AVAILABLE RECORDS section start

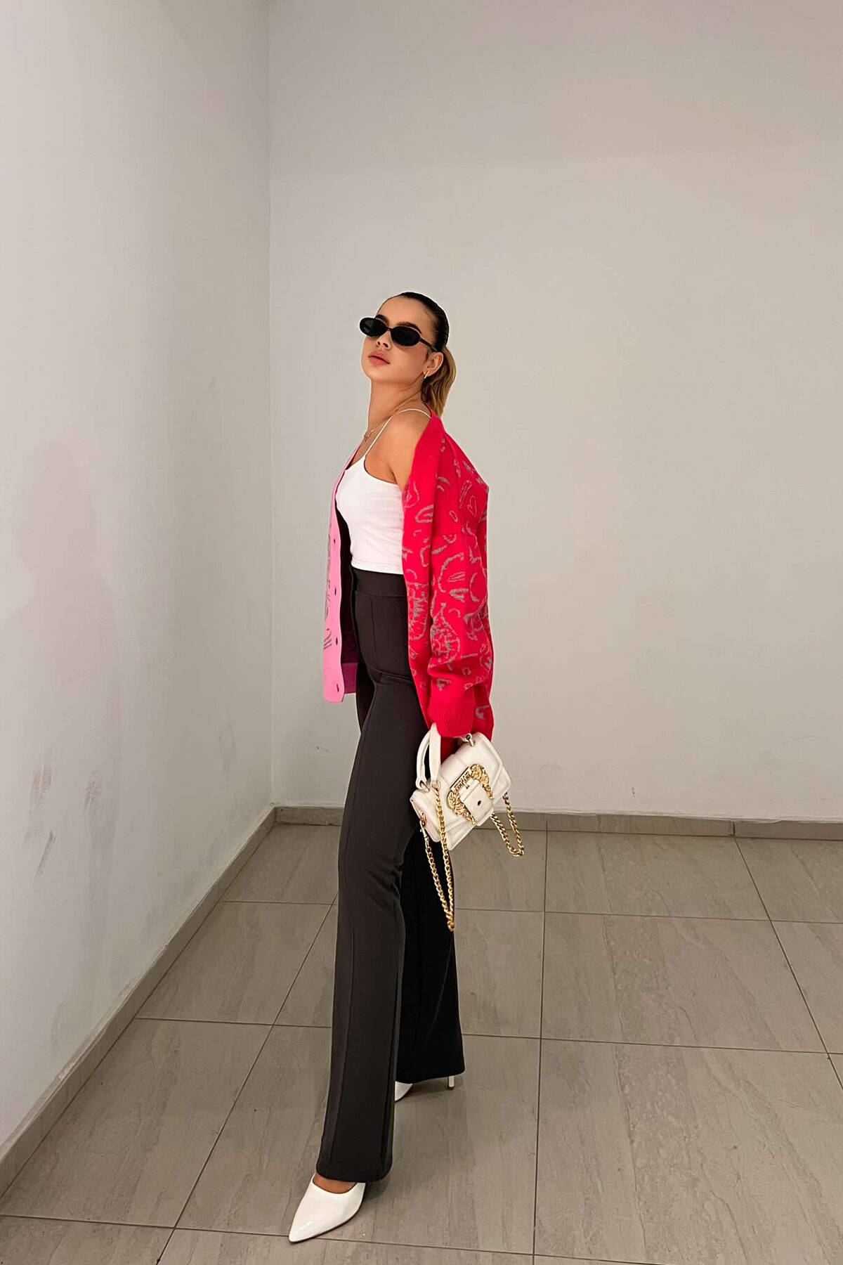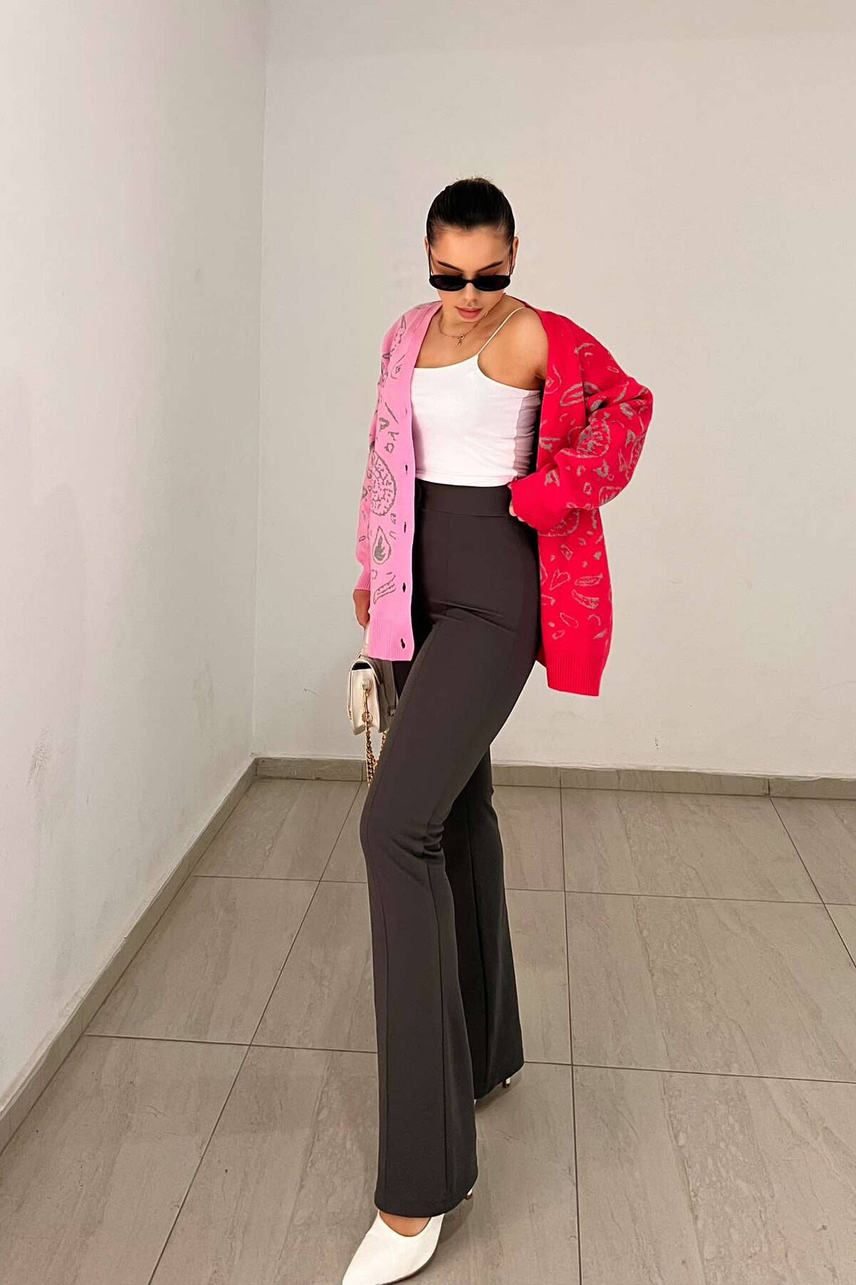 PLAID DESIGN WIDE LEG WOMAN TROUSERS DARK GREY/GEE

AVAILABLE RECORDS section end
AVAILABLE RECORDS section start

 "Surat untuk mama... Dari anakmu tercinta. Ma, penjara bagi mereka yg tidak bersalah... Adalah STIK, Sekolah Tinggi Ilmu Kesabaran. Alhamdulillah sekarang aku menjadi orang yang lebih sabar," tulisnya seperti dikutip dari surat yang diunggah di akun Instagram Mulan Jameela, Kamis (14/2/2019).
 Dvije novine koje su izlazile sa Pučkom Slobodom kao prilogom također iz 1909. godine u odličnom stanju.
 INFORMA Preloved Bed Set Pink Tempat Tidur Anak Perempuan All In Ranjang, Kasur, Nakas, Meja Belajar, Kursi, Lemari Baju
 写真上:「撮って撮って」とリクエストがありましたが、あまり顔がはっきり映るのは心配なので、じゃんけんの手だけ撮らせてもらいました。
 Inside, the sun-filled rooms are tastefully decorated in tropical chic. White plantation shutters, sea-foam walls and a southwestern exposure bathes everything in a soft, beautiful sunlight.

AVAILABLE RECORDS section end

* EXERCISE AIM
Look in the material above for the line with "Dvije novine koje" and the line with "Inside, the sun-filled", and transcribe exactly those lines and all lines between them, nothing more.

* EXPECTED ANSWER
 Dvije novine koje su izlazile sa Pučkom Slobodom kao prilogom također iz 1909. godine u odličnom stanju.
 INFORMA Preloved Bed Set Pink Tempat Tidur Anak Perempuan All In Ranjang, Kasur, Nakas, Meja Belajar, Kursi, Lemari Baju
 写真上:「撮って撮って」とリクエストがありましたが、あまり顔がはっきり映るのは心配なので、じゃんけんの手だけ撮らせてもらいました。
 Inside, the sun-filled rooms are tastefully decorated in tropical chic. White plantation shutters, sea-foam walls and a southwestern exposure bathes everything in a soft, beautiful sunlight.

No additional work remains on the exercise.